- [Material provided]:

^^^^

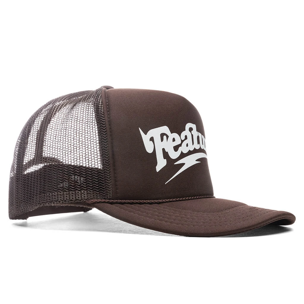 Represent FEATURE with the exclusive FEATURE Spike Trucker Hat. The front of the silhouette incorporates polyester foam for comfort. A screen-printed FEATURE logo is placed at the face of the hat, highlighting its design. With a structured front and curved brim, breathable netted material is recognized throughout the rest of the exterior. An adjustable strapback closure completes the design.
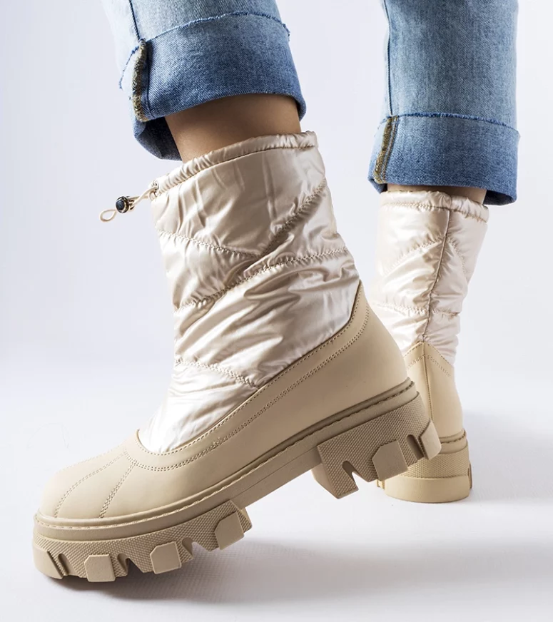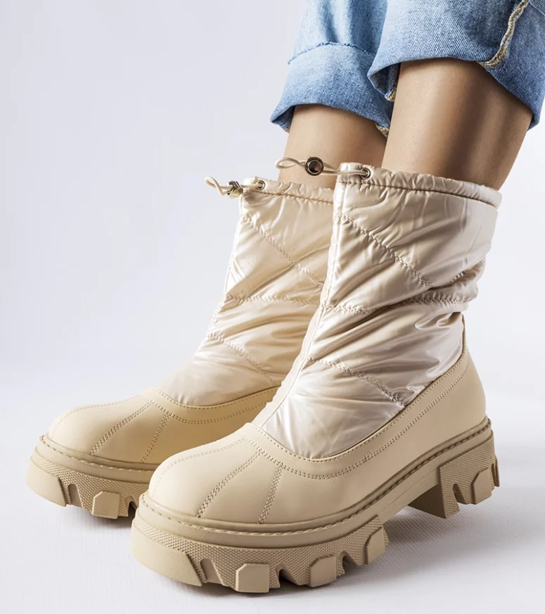Ich wysokość za kostkę zapewnia dodatkową ochronę przed zimnem i wilgocią, jednocześnie podkreślając kobiecą elegancję. Okrągły nosek nadaje im delikatny wygląd, który doskonale komponuje się zarówno z codziennymi, jak i bardziej formalnymi stylizacjami. Dobrze izolowane wnętrze sprawia, że śniegowce Cendrillon są niezwykle ciepłe, nawet w najzimniejsze dni. Dodatkowo, płaski obcas gwarantuje stabilność i pewność kroków na każdej powierzchni. Śniegowce Cendrillon to perfekcyjne połączenie funkcjonalności i stylu. Ich beżowy kolor jest ponadczasowy i łatwo dopasować je do różnych ubrań. Bez wątpienia są one nieodzownym elementem garderoby każdej modnej kobiety. Szycie tych śniegowców jest starannie wykonane, co gwarantuje ich długotrwałość i trwałość. Niezależnie od tego, czy planujesz długie spacery po zaśnieżonym mieście, czy też potrzebujesz czegoś wygodnego do noszenia na co dzień, beżowe śniegowce ze ściągaczem Cendrillon są doskonałym wyborem.
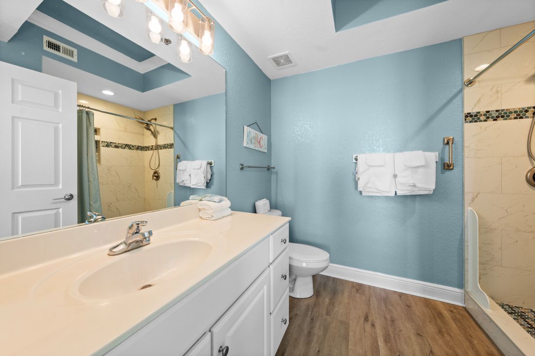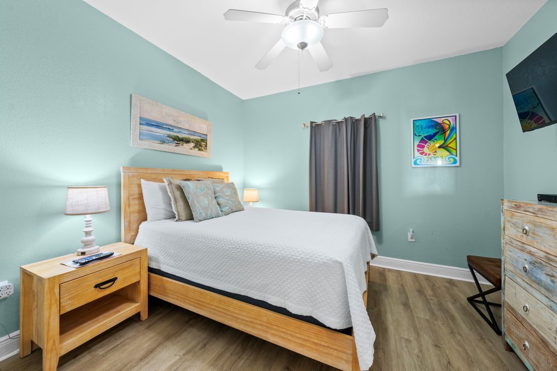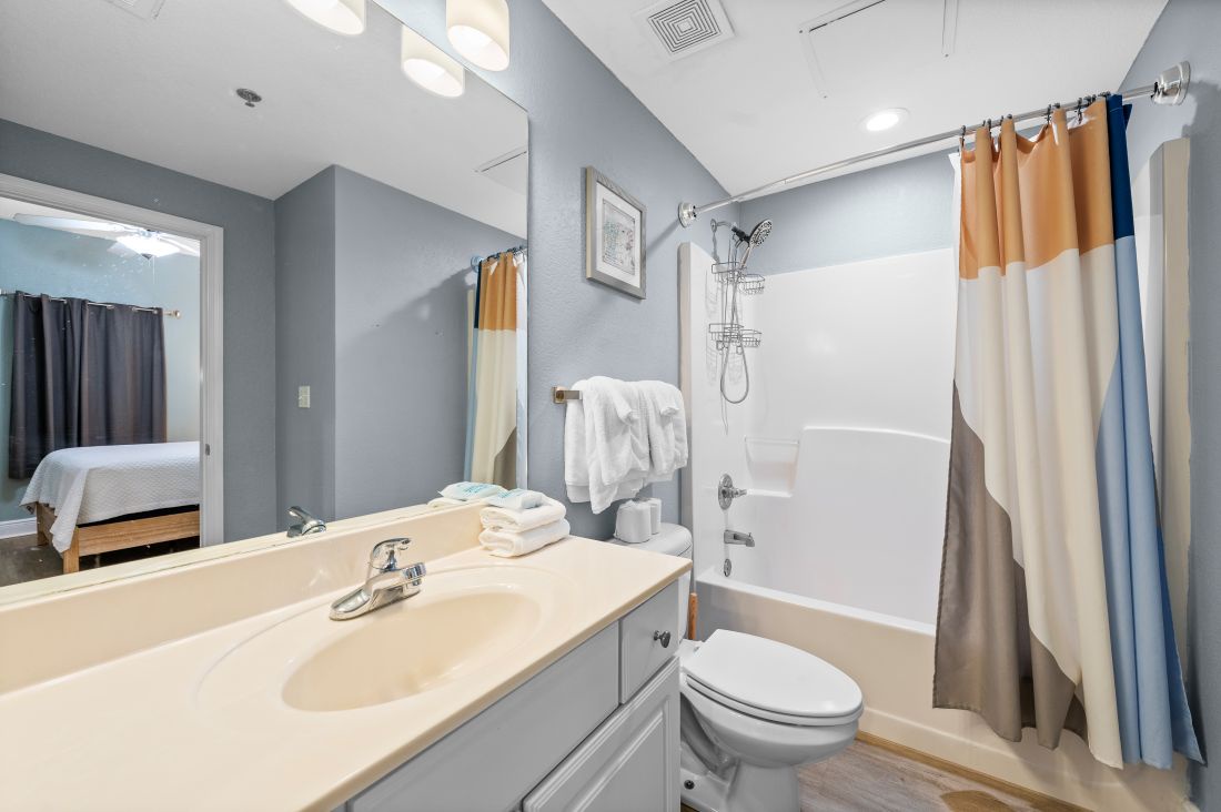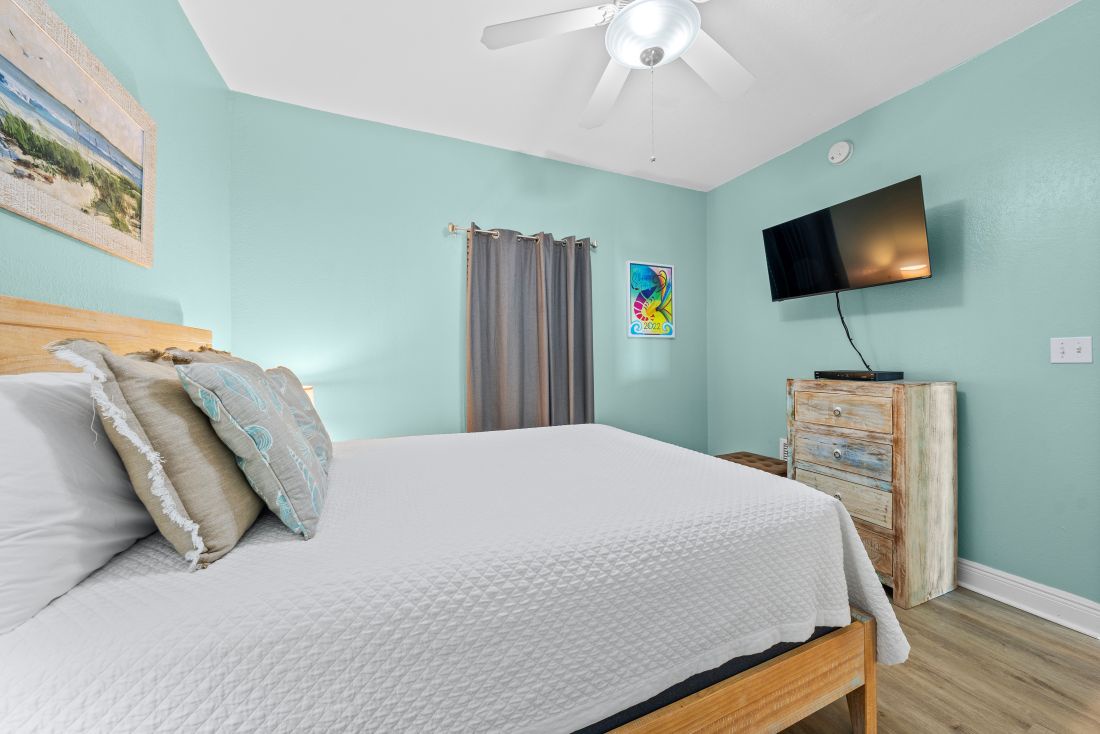 After a busy day of getting your toes in the sand retreat to the primary bedroom which features a newly purchased king size bed and sliding glass doors to access the private gulf-facing balcony. The bathroom has a large vanity with a bathtub and shower combination. The second bedroom has a queen size bed. There are also flat screen televisions in both bedrooms. There is a second full bathroom which has a bath-tub and shower combination which can also be accessed form the common areas of the condo. Need more sleeping space? There is a queen size sofa sleeper in the living room.
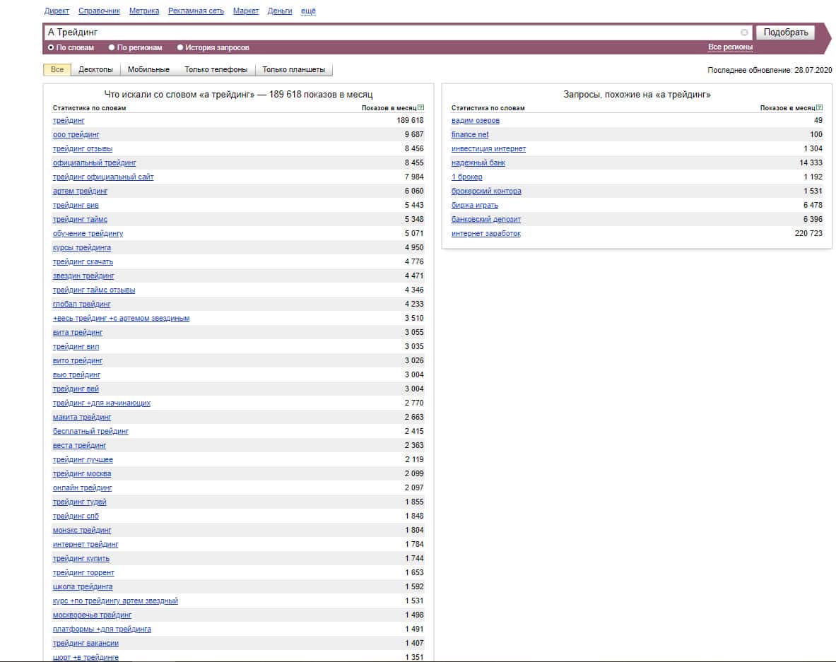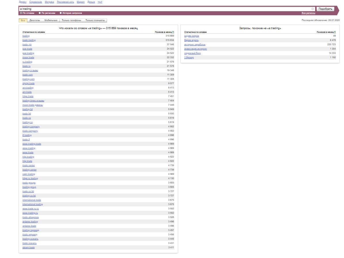 Если же вбить название бренда на английском языке, но с пробелом "a trading", результат будет таким: 315 669 раз за месяц. Это связано с понятием трейдинга, а не с данной конторой.

^^^^

- [Description of the task]:
Without any pictures, print the whole listing again exactly as it stands.

- [Response]:
 Represent FEATURE with the exclusive FEATURE Spike Trucker Hat. The front of the silhouette incorporates polyester foam for comfort. A screen-printed FEATURE logo is placed at the face of the hat, highlighting its design. With a structured front and curved brim, breathable netted material is recognized throughout the rest of the exterior. An adjustable strapback closure completes the design.
Ich wysokość za kostkę zapewnia dodatkową ochronę przed zimnem i wilgocią, jednocześnie podkreślając kobiecą elegancję. Okrągły nosek nadaje im delikatny wygląd, który doskonale komponuje się zarówno z codziennymi, jak i bardziej formalnymi stylizacjami. Dobrze izolowane wnętrze sprawia, że śniegowce Cendrillon są niezwykle ciepłe, nawet w najzimniejsze dni. Dodatkowo, płaski obcas gwarantuje stabilność i pewność kroków na każdej powierzchni. Śniegowce Cendrillon to perfekcyjne połączenie funkcjonalności i stylu. Ich beżowy kolor jest ponadczasowy i łatwo dopasować je do różnych ubrań. Bez wątpienia są one nieodzownym elementem garderoby każdej modnej kobiety. Szycie tych śniegowców jest starannie wykonane, co gwarantuje ich długotrwałość i trwałość. Niezależnie od tego, czy planujesz długie spacery po zaśnieżonym mieście, czy też potrzebujesz czegoś wygodnego do noszenia na co dzień, beżowe śniegowce ze ściągaczem Cendrillon są doskonałym wyborem.
 After a busy day of getting your toes in the sand retreat to the primary bedroom which features a newly purchased king size bed and sliding glass doors to access the private gulf-facing balcony. The bathroom has a large vanity with a bathtub and shower combination. The second bedroom has a queen size bed. There are also flat screen televisions in both bedrooms. There is a second full bathroom which has a bath-tub and shower combination which can also be accessed form the common areas of the condo. Need more sleeping space? There is a queen size sofa sleeper in the living room.
 Если же вбить название бренда на английском языке, но с пробелом "a trading", результат будет таким: 315 669 раз за месяц. Это связано с понятием трейдинга, а не с данной конторой.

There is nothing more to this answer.